What are the red flags that suggest a fraudulent merchant?

Several examples of patterns of fraudulent merchants that we detect are:

    1. A merchant first behaves normally (for example, mostly CP transactions, low amounts, and a low ratio of failed transactions), but after the PSP/acquirer ‘trust level’ is increased and controls or restrictions are relaxed, the merchant starts behaving differently (more CNP transactions, large amounts, with stolen cards, resulting in many rejected transactions). This change of behaviour can be an indication of fraud.

    2. A new merchant shows outlying behaviour compared to its peers. For example, when peers mainly process low ticket value card-present transactions during the day, this merchant processes bursts of large ticket value ecommerce transactions during the night. 

    3. A merchant processes normal ecommerce payments for a long period, but then starts receiving large amounts of credit transfers from different credit cards from the same country/bank, which never get charged back, followed by large outbound transfers by that merchant. This can be an indication of money laundering. 

Are there any particularities to be considered when it comes to high-risk merchants, such as those working in gambling, adult industry or travel?

When it comes to this type of merchant initiated payment fraud, high risk is low risk and vice versa. High-risk merchants are heavily scrutinised during onboarding – heavy KYC and KYB. When it comes to direct financial risk to the acquirer, in some cases they present a high risk of financial bankruptcy, in other cases high compliance risk (they risk being forced to close), in some other cases they are prime fraud targets themselves because they sell digital goods or cash equivalents. Nowadays, it is very easy to open a new merchant account and to start processing payments both CP and CNP very quickly, due to these lax KYC/KYB processes. But what if they are themselves fraudsters? This is where Fraudio shines. We empower our customers to continue onboarding quickly while being able to stave off merchant initiated fraud by discovering these new, fraudulent merchants much rapidly, even weeks before they would have previously been detected.

 

Why should PSPs or acquirers partner with an out-sourced party instead of building their own technology and solution for the whole onboarding process?

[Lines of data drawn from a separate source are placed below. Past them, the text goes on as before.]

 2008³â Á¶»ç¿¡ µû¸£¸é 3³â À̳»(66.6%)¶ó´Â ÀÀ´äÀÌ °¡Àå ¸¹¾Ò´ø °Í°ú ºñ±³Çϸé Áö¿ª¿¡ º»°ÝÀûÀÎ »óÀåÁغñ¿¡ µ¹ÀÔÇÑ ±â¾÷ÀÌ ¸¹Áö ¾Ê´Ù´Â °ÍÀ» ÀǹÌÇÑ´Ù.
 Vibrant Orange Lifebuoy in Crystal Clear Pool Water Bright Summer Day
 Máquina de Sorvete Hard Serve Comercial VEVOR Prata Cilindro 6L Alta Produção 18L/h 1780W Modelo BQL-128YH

Fraud detection and prevention are not a part of the core business for most companies in the payments chain. Building in-house means being in heavy control of your data and have a lot of it, because you will be only using your own data, which is very limited to only the patterns of fraud that you have seen before. If exposed to a new kind of fraud or grow into a new geographic region, you would be vulnerable. So, building in-house is costly and time-consuming and is very risky for a company that needs to focus on its primary target of acquiring new business. 

For acquirers that have hundreds of thousands of merchants, they need to have several teams of analysts working very diligently, and would still not be as efficient as they need to be. With the power of our AI to monitor and prioritise the investigations, it allows acquirers to be far more efficient and the fraud investigations would be resolved much earlier. 

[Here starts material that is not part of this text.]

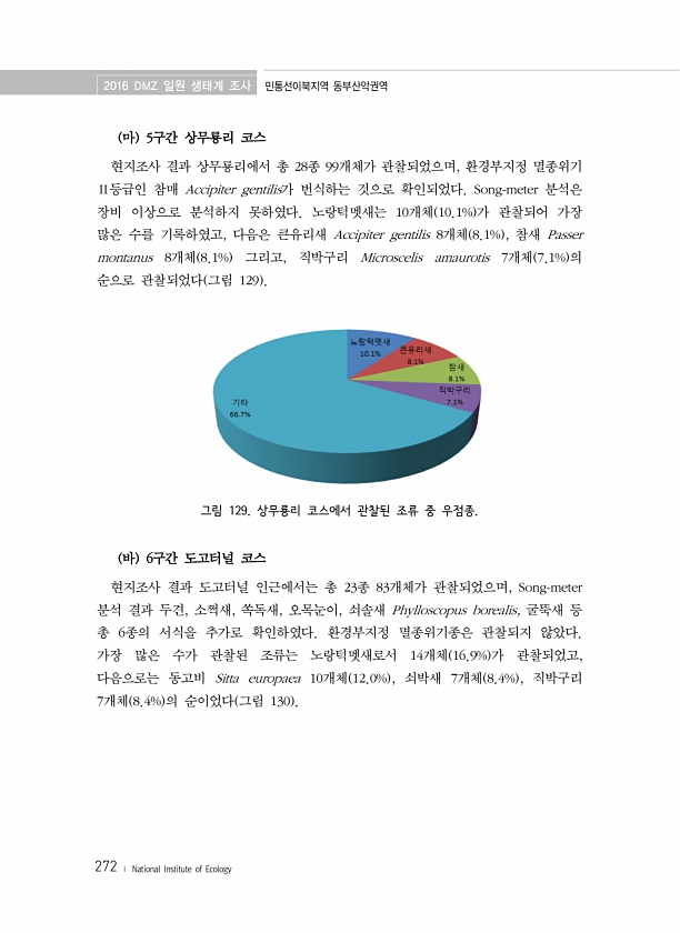2016 DMZ 일원 생태계 조사 민통선이북지역 동부산악권역 272 ? National Institute of Ecology 마 5구간 상무룡리 코스 현지조사 결과 상무룡리에서 총 28종 99개체가 관찰되었으며, 환경부지정 멸종위기 Ⅱ등급인 참매 Accipiter gentilis가 번식하는 것으로 확인되었다. Song-meter 분석은 장비 이상으로 분석하지 못하였다. 노랑턱멧새는 10개체 10.1% 가 관찰되어 가장 많은 수를 기록하였고, 다음은 큰유리새 Accipiter gentilis 8개체 8.1% , 참새 Passer montanus 8개체 8.1% 그리고, 직박구리 Microscelis amaurotis 7개체 7.1% 의 순으로 관찰되었다 그림 129 그림 129. 상무룡리 코스에서 관찰된 조류...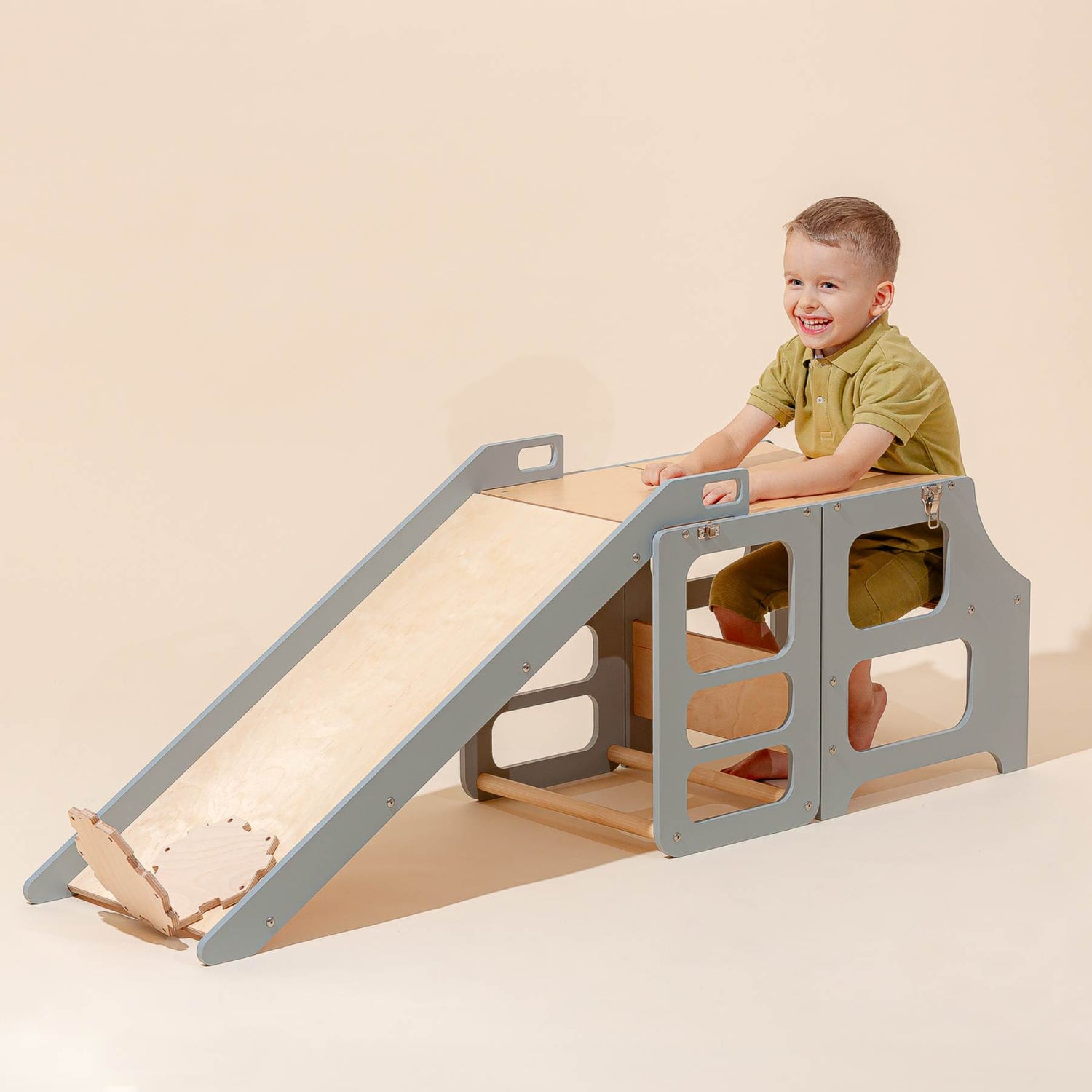 Un triangle d'escalade avec toboggan ouvrira de nouvelles perspectives et permettra de s'amuser en l'utilisant. Par exemple, l'enfant peut l'utiliser comme jouet d'escalade, toboggan, circuit de course pour voitures ou même comme château une fois recouvert d'une couverture.

For our customers, this could be a difference of hundreds of thousands of euros. Scaling a team of people is much more difficult since fraud usually happens in bursts, and this is why Fraudio is valuable for companies who wish to control fraud and scale in an organised and effective way. 

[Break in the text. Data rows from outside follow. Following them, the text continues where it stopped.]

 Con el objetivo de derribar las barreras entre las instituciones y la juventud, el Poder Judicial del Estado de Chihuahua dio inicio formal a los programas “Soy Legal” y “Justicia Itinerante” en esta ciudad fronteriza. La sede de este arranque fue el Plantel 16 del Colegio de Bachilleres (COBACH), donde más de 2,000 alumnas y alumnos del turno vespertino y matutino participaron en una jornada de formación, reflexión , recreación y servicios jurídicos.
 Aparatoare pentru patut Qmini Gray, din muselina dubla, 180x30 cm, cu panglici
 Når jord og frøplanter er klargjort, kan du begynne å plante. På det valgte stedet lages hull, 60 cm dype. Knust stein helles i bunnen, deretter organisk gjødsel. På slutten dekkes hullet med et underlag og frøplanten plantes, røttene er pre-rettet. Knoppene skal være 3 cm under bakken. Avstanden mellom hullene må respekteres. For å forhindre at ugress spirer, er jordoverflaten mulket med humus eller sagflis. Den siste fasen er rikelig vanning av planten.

There is an immense benefit and potential in working with a specialist company when it comes to mitigating risk and bringing value faster. We, at Fraudio, have already seen billions of transactions and millions of fraud events from around the globe. Instead of building machine learning models individually for each customer, we pool everyone’s data together by translating it into our own internal data schema and that is the reason why our AI is so powerful. 

 

Artificial Intelligence seems to offer the most effective way of detecting fraud. How does Fraudio use AI to develop a leading-edge service that detects fraudulent merchants quickly, and what makes your company different from others that offer similar solutions?

Fraudio uses the latest, third-generation fraud detection technology. This means that Fraudio develops and trains its AI algorithm by using a centralised dataset. Billions of data points are constantly gathered and fed from both the acquiring and issuing sides of the industry into this centralised dataset. By constantly updating this diverse data, Fraudio leverages a powerful network effect to detect problematic activity more accurately and faster. Our merchant initiated fraud product is very simple to use and is especially valuable to acquirers in the low-risk segment. It allows them to onboard merchants very quickly, thus enabling them to grow at their own pace, without being overwhelmed by liability or financial losses.  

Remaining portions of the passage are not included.